4.7.2 Pressure Instrumentation
For 150#
Pressure instrumentation shall be provided with an integral single block and bleed, single ball
valve for piping class ‘A8’ assembly as the process isolation.
For 300# and above
Pressure instrumentation shall be provided with an integral double block and bleed assembly as
the process isolation.
4.7.3 Small Bore Pipework
Small bore pipework (e.g. level bridles) of size 40 mm and below can be isolated using general
isolation (SB) except for high pressure systems class 600 or more where DBB shall be used. This
can be reviewed on a case by case basis based on normal operating conditions.
4.8 DRAIN AND VENT
4.8.1 Vessel Vents
Manual maintenance vent connections, routed to the flare, shall be provided as required and as
indicated by the P&IDs. The vent connections shall comprise a globe valve (process side)

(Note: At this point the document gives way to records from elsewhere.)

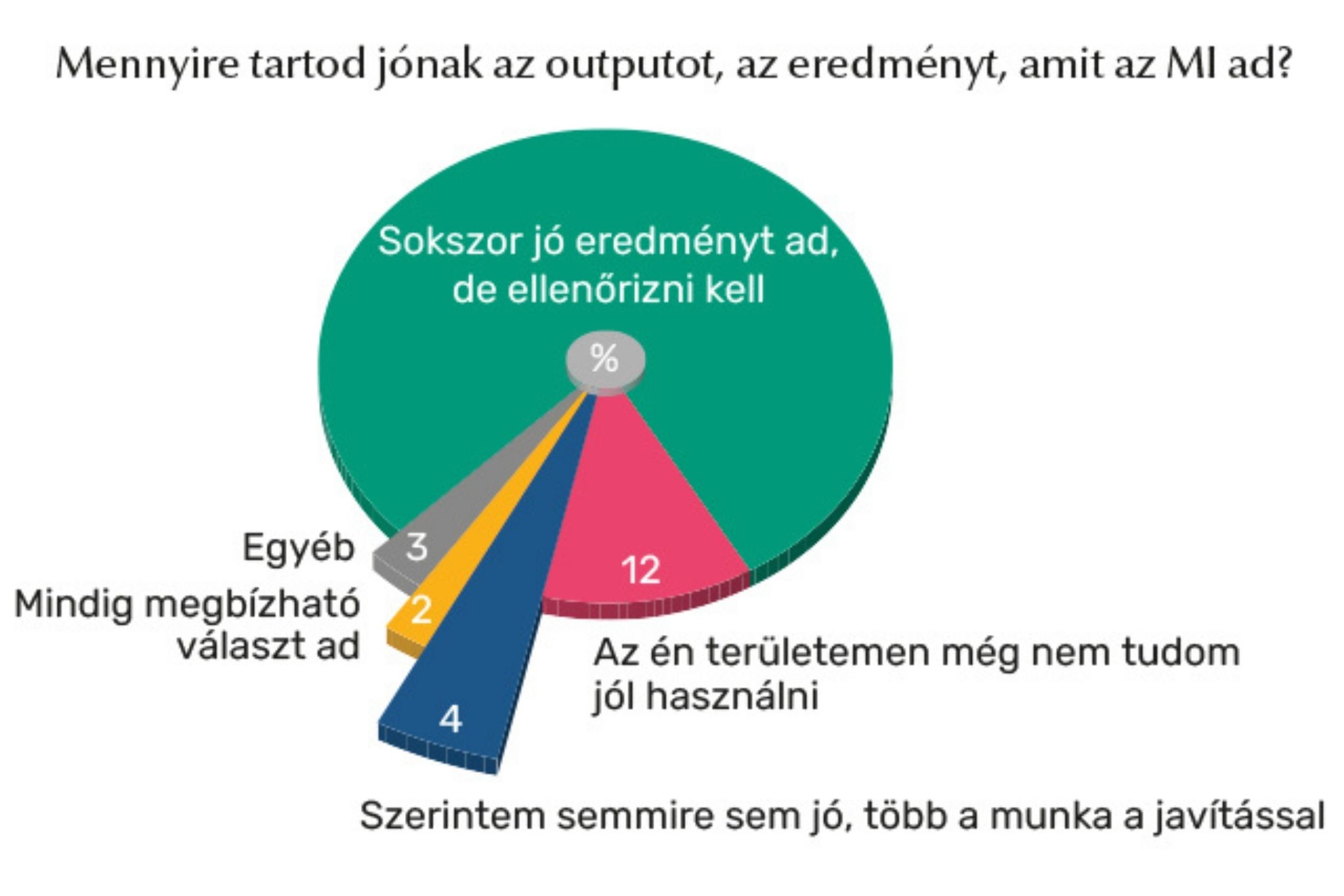 A válaszadó hallgatók 79 százaléka alapvetően elégedett az MI által adott válaszokkal, ugyanakkor szükségesnek tartja azok ellenőrzését. Ötödük szerint a technológia jelentősen, 35 százalék szerint inkább megkönnyítette a tanulmányokat, elsősorban a nagy mennyiségű lexikális tudást igénylő tárgyaknál (50 százalék). Ugyanakkor a legfontosabbnak tartott tantárgy esetében már jóval visszafogottabb a használat: a hallgatók harmada egyáltalán nem alkalmaz MI-t ezen a területen. Az oktatói hozzáállás megosztott: minden ötödik hallgató szerint tiltják az MI-használatot, míg hasonló arányban vannak olyanok is, akik támogatják vagy kifejezetten alkalmazzák azt az órákon. Összességében a diákok többsége (56 százalék) inkább vagy teljes mértékben hasznosnak tartja a mesterséges intelligenciát, és csak 14 százalék fogalmazott meg egyértelműen elutasító véleményt.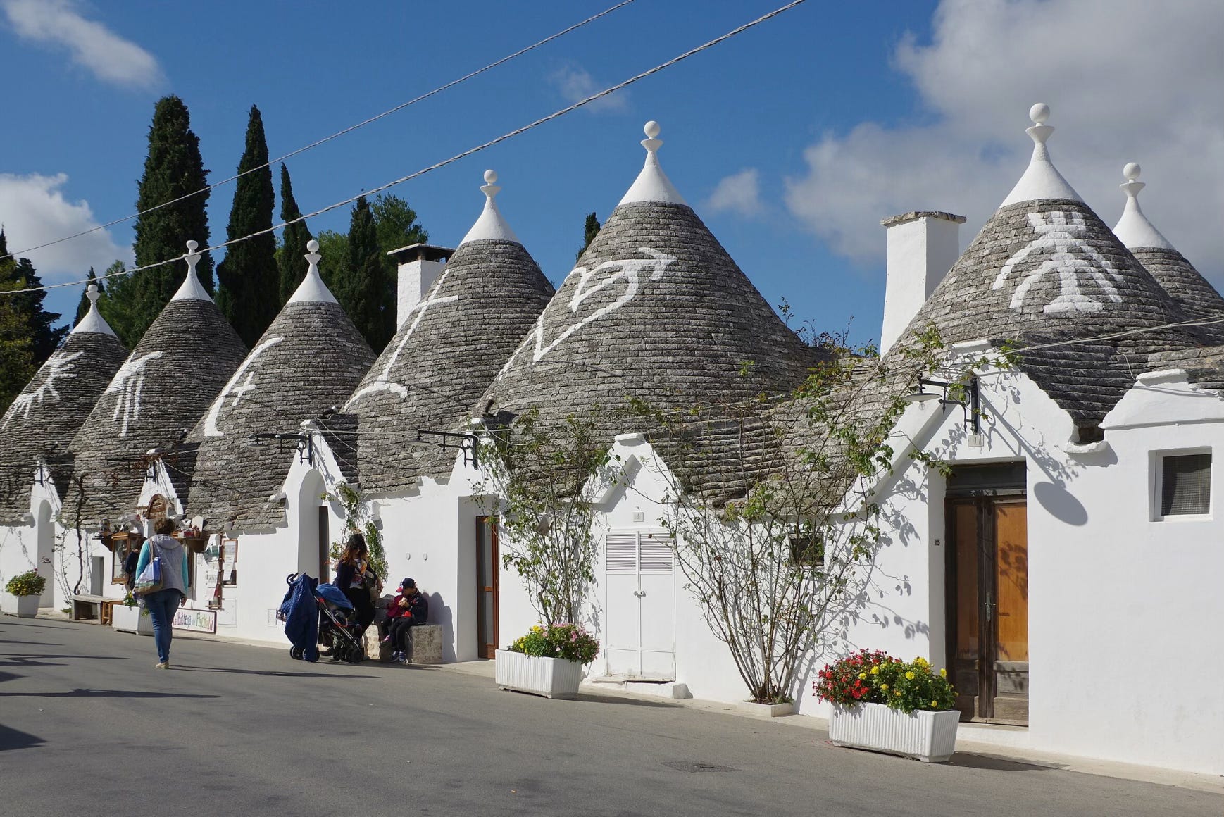 If you have not had the privilege of sleeping in a trullo, permit me to offer this observation. It is like sleeping in a tomb. (Okay, I have never slept in a tomb … I presume it is like that.) The origin of these structures dates back a thousand years, though most of the surviving homes were built in the 14th century. They were built using local stone and without mortar, and were round. The theory is that they were constructed this way to evade the collection of taxes. When collectors approached, the ceiling could be dismantled by removing the keystone from the top, making it appear abandoned. The walls are typically whitewashed, contrasting beautifully with the gray rooftops, which are often decorated with figures of spiritual or superstitious meaning.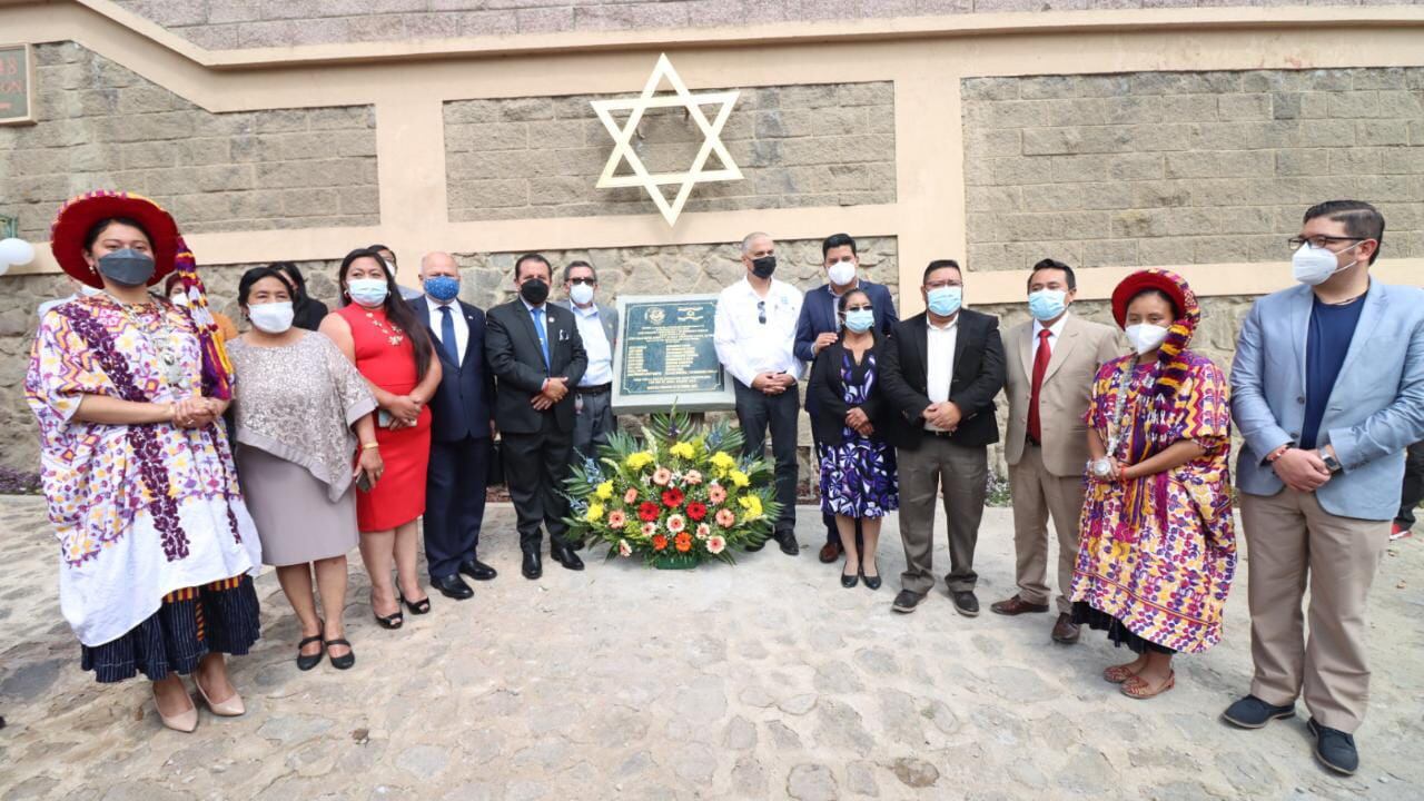 La develación de la placa estuvo a cargo del embajador de Israel en Guatemala, Mattanya Cohen, así como el alcalde municipal Juan Fernando López, autoridades del consejo el gobernador departamental Erick Tzún de León y el presidente de la Liga de Amistad Parlamentaria Guatemala – Israel, diputado Fidel Reyes Lee.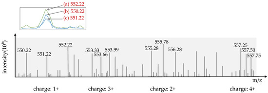 Next, we found the isotopic peak cluster of position I; at this point, we could determine the precursor charge state. Figure 3 shows the correspondence between different isotopic peak clusters and charge states. In addition, chromatograms a, b, and c are the chromatograms of precursor ions with m/z of 552.22, 550.22, and 551.22, respectively. We can see that the chromatograms of these ions are highly consistent; the only difference is in their intensity. When we calculate the similarity of chromatograms, it is possible to repeat the selection. Therefore, this is likely to result in complete consistency in the sequence of identification results. During the experiment, if we do not process these results, there will be much redundancy, which will miss the real ion signal peak that should be extracted and reduce the efficiency of mass spectral analysis. Therefore, when we extract the precursor ion chromatograms, we should remove the isotopic peak cluster and only retain the precursor ion with higher intensity.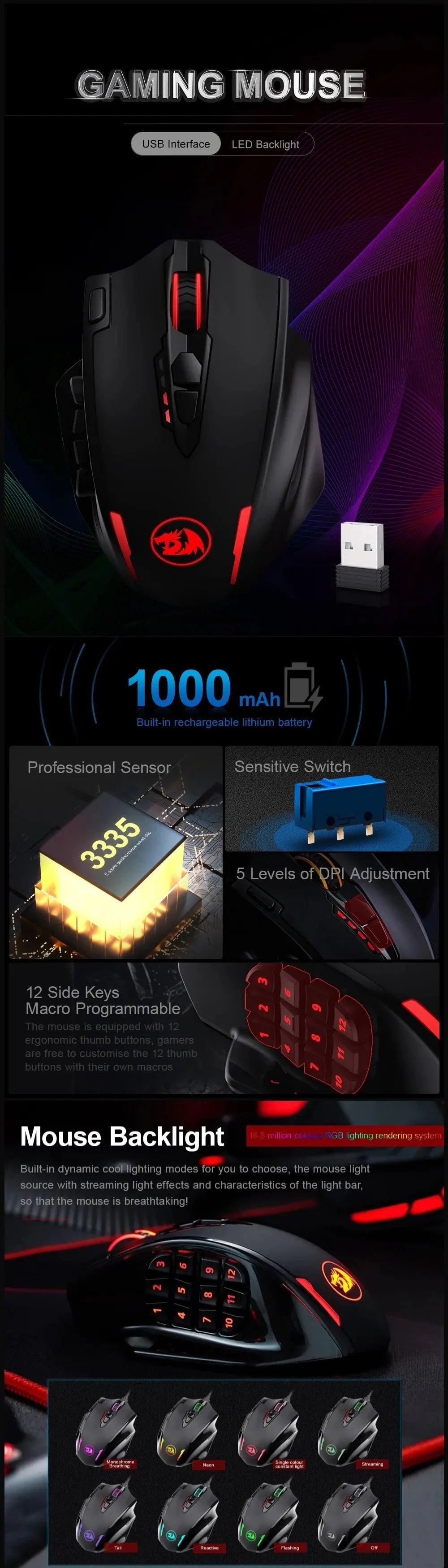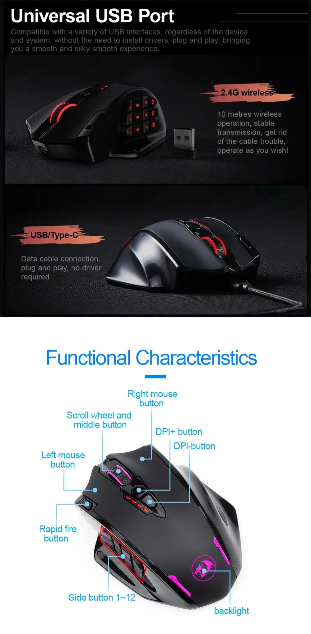 Dual Functionality: This MMO gaming mouse offers the flexibility of two modes - seamless 2.4GHz wireless and convenient USB-C wired connections, all accompanied by a set of 12 side buttons. Switch between wireless and wired modes with ease, and leverage quick-access key-bindings to optimize your damage output.

followed by an isolation valve.
Minimum size for vent connections to closed relief systems is 2”.
4.8.2 Vessel Drains
Vessel Drainage in Hazardous Areas
Vessels in hydrocarbon service shall be provided with a drain connection to the Closed Drain
Header. The drain connection may be either directly off the vessel or on the liquid outlet piping
assuming that it is at a low point and adequate natural drainage is provided.
Closed Drain System connections shall consist of a globe valve (process side) followed by an
isolation valve. A Restriction Orifice may be provided to limit gas blow by throughput.
SU TU TRANG FULL FIELD DEVELOPMENT – PHASE 1
DETAILED ENGINEERING AND PROCUREMENT ENGINEERING SUPPORT SERVICES
VALVING & ISOLATION PHILOSOPHY Doc. No.: 2014-4800-1H-0003
Rev: E
Page No.: 19 of 19
Ball valve only connections to the Closed Drain System may be considered for low pressure,
non-flashing service subject to COMPANY approval.
Vessel Drainage in Non-Hazardous Areas
Vessels in non-hazardous areas will be provided with a single drain valve. The drained fluids
will be routed to the Non-Hazardous Open Drain System via tundish or deck drain.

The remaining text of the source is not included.